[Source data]
==============================
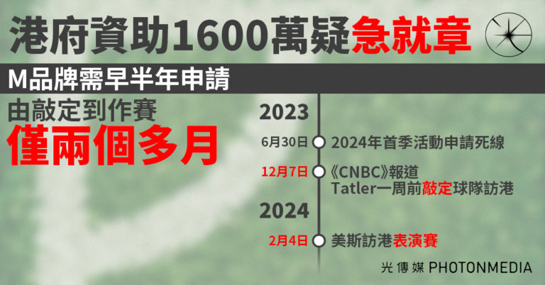 港府資助1600萬疑急就章 M品牌需早半年申請 Tatler兩個月前才敲定球隊訪港
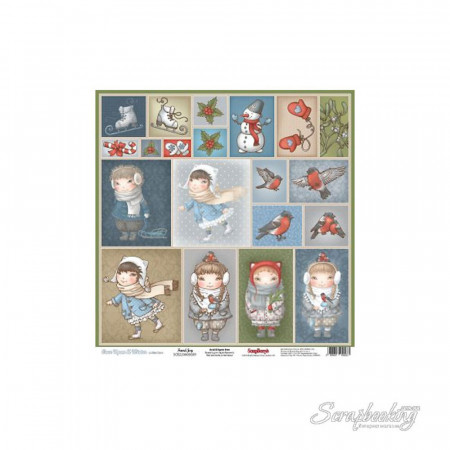 Папір для скрапбукінгу ScrapBerry "Once Upon a Winter" - Fun&Joy, 1 шт, розмір 30х30 см, SCB220605609. Односторонній папір щільністю 180 гр/м2, архівна якість.
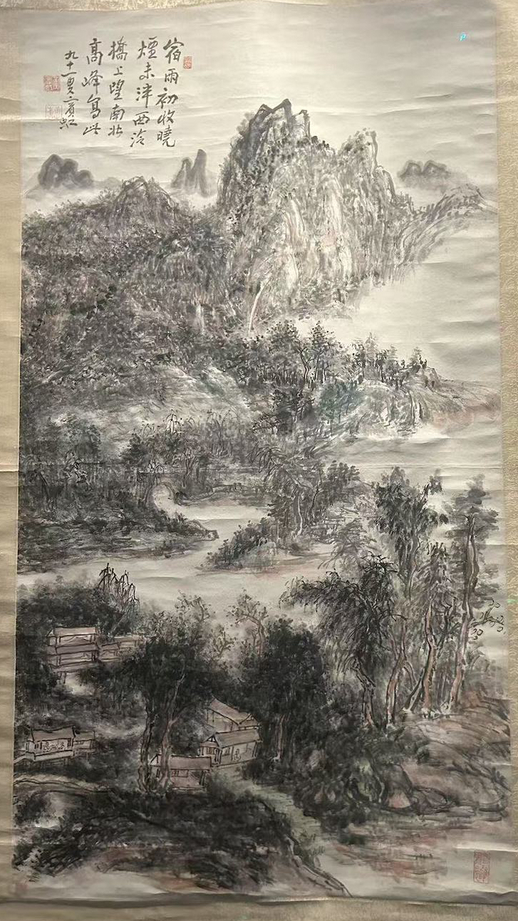 1932年黄宾虹入蜀写生,正值早春天气,他去青城山游览,突遇大雨倾盆。就在此时,他突然看到对面的崖壁,悬挂着许多条飞瀑。尽管雨下得大,老人仍选了块平整的岩石,坐着欣赏起来,此时风声、雨声、水声、松声在他周围交作。老人一边注视着千尺流泉,一边得意地吟诗一首:“泼墨山前远近峰,朱家难点万千重。青城坐雨乾坤大,入蜀方知画意浓。”那时,他好像泡在水池里,不但带去的写生本浇透了,连带去的干粮也变成了“粉糊”。老人觉得。世间好像只有他享受着这名山奇妙的雨景。次日清晨,他骗朋友身体不适,实则“蒙被假寐打腹稿”,想把雨中所见,细细体会,然后从中找出画法规律。躺了半日,奋然披衣而起,磨墨展纸,一气呵成“青城烟雨图”十余幅。有的用泼墨,有的用焦墨,也有用干皴而加彩墨。后来他在“题画嘉陵山水”中把这些体会加以总结,写道:“我从何处得粉本,雨淋墙头日移壁”。关于这个“雨淋墙头”,他曾在一封信中加以说明:“青城大雨滂沱,坐山中三移时。千条飞泉令我恍悟,若雨淋墙头,干而润,润而见骨,墨不碍色,色不碍墨也。”可知他是从大自然中吸取笔墨颜色变化的。
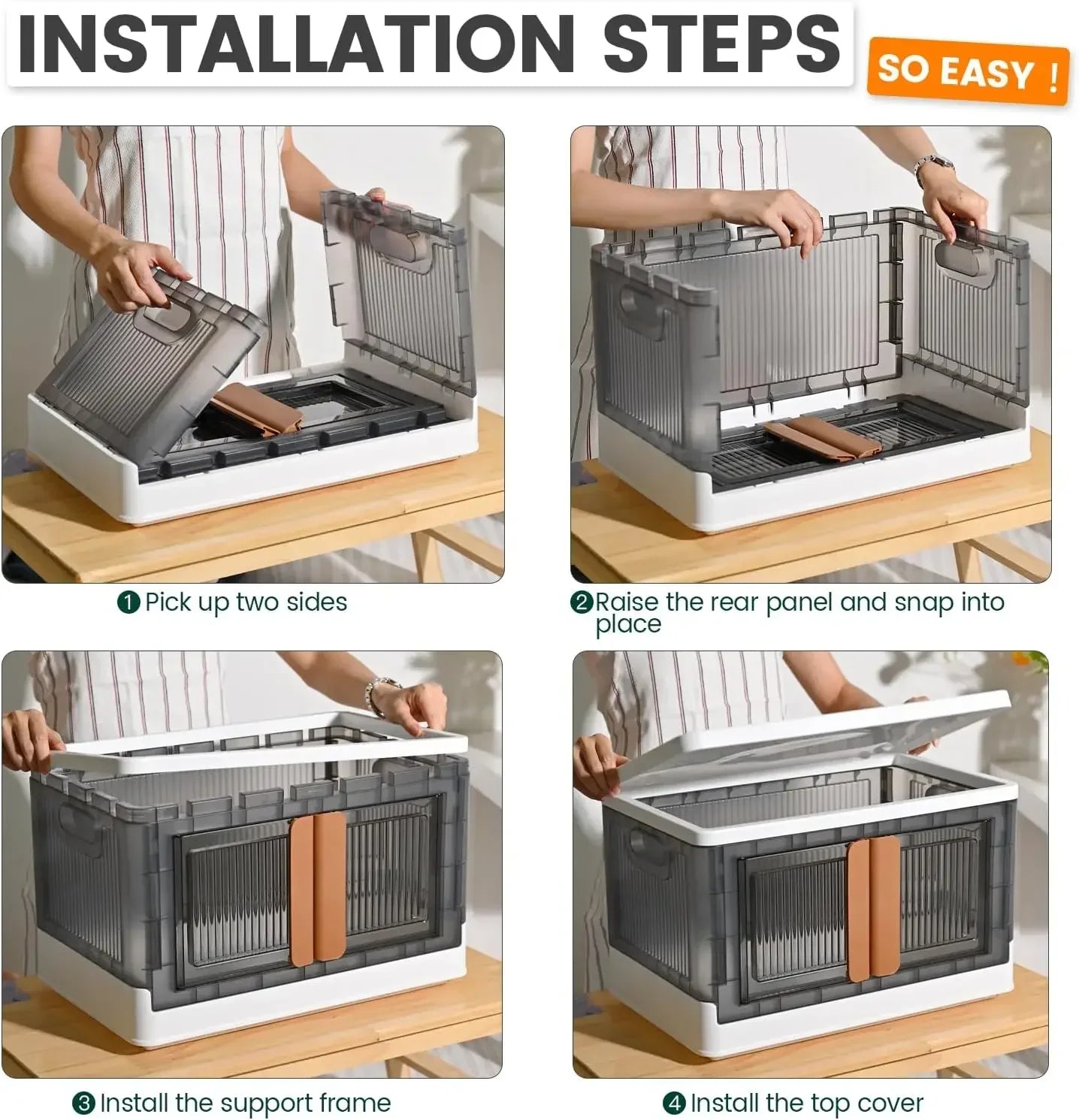 Pick up two sides | Raise the rear panel and snap into place | Install the support frame | Install the top cover |
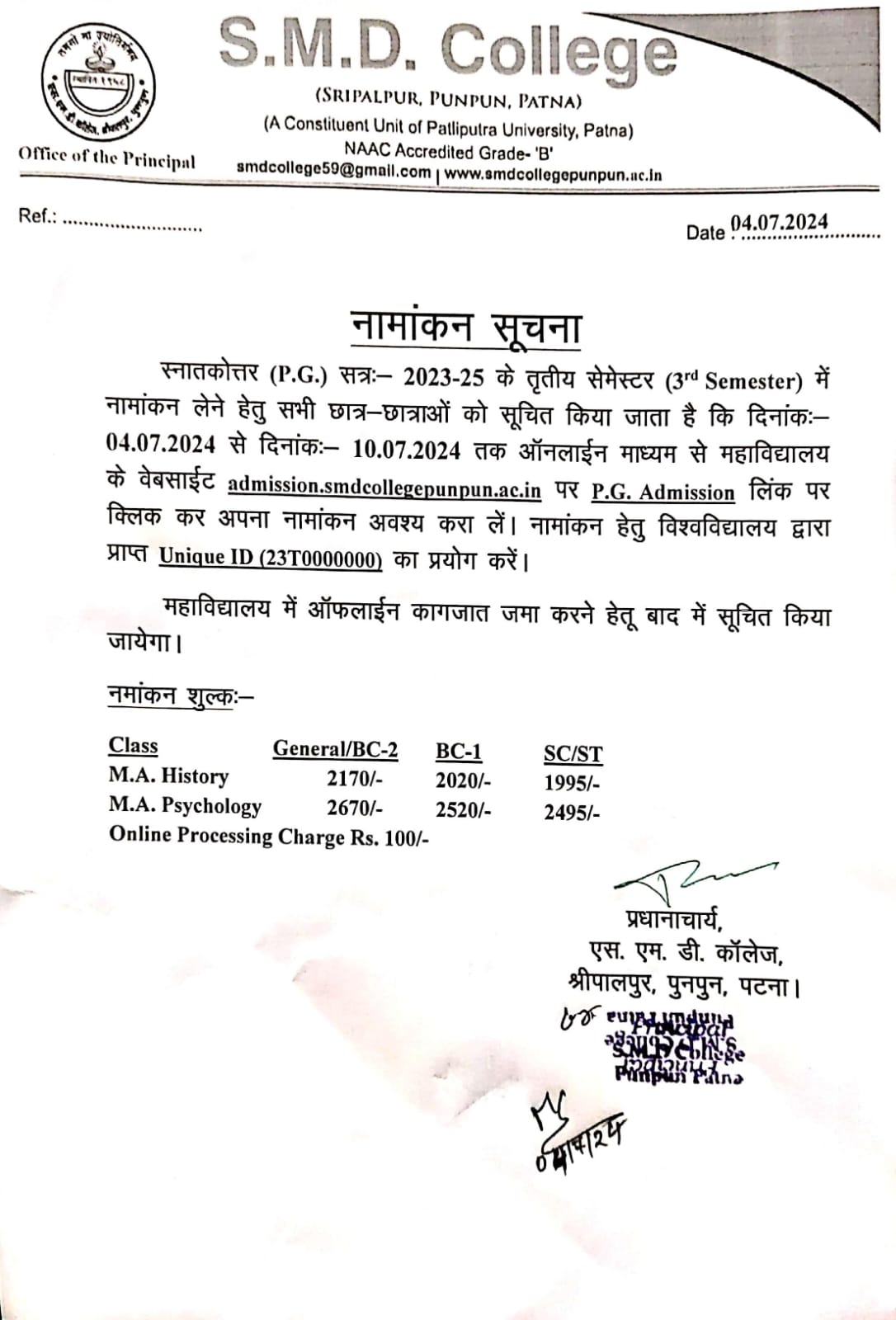 NOTICE REGARDING PG 3RD SEMESTER ADMISSION (2023-25)
==============================
**TASK TO CARRY OUT:** Print exactly the lines from the one containing "Pick up two" through the last line of the records, both included, and leave out the pictures.

**SOLUTION TO THE PROBLEM:**
 Pick up two sides | Raise the rear panel and snap into place | Install the support frame | Install the top cover |
 NOTICE REGARDING PG 3RD SEMESTER ADMISSION (2023-25)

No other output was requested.